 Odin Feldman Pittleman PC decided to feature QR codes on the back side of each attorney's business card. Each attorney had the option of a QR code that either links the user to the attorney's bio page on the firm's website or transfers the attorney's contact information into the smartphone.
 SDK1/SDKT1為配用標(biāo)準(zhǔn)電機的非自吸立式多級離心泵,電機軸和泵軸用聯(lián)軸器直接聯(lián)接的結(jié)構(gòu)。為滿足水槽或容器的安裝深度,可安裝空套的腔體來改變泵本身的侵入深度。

-.-.-

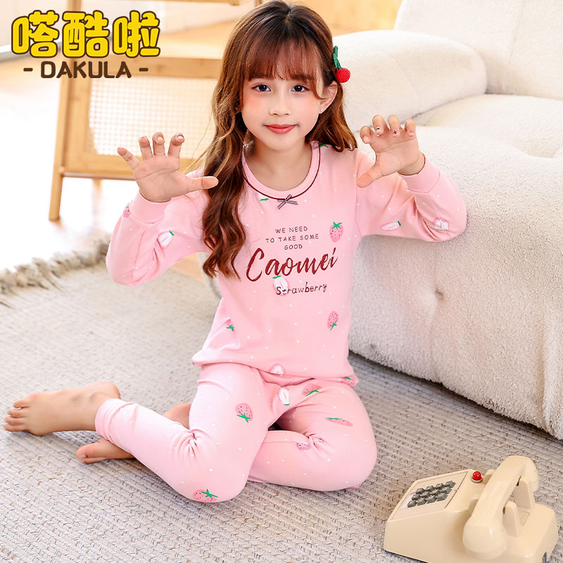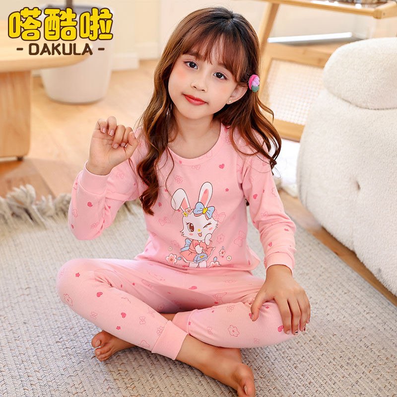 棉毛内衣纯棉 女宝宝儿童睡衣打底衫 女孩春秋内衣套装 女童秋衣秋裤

-.-.-

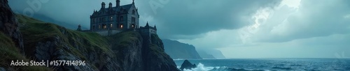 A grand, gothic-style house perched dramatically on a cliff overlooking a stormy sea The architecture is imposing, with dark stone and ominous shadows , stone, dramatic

-.-.-

> [Directions]
When you reach the line in the material above that holds "Odin Feldman Pittleman", begin reproducing lines exactly, and stop after the line that holds "SDK1/SDKT1為配用標".

> [Finished task]
 Odin Feldman Pittleman PC decided to feature QR codes on the back side of each attorney's business card. Each attorney had the option of a QR code that either links the user to the attorney's bio page on the firm's website or transfers the attorney's contact information into the smartphone.
 SDK1/SDKT1為配用標(biāo)準(zhǔn)電機的非自吸立式多級離心泵,電機軸和泵軸用聯(lián)軸器直接聯(lián)接的結(jié)構(gòu)。為滿足水槽或容器的安裝深度,可安裝空套的腔體來改變泵本身的侵入深度。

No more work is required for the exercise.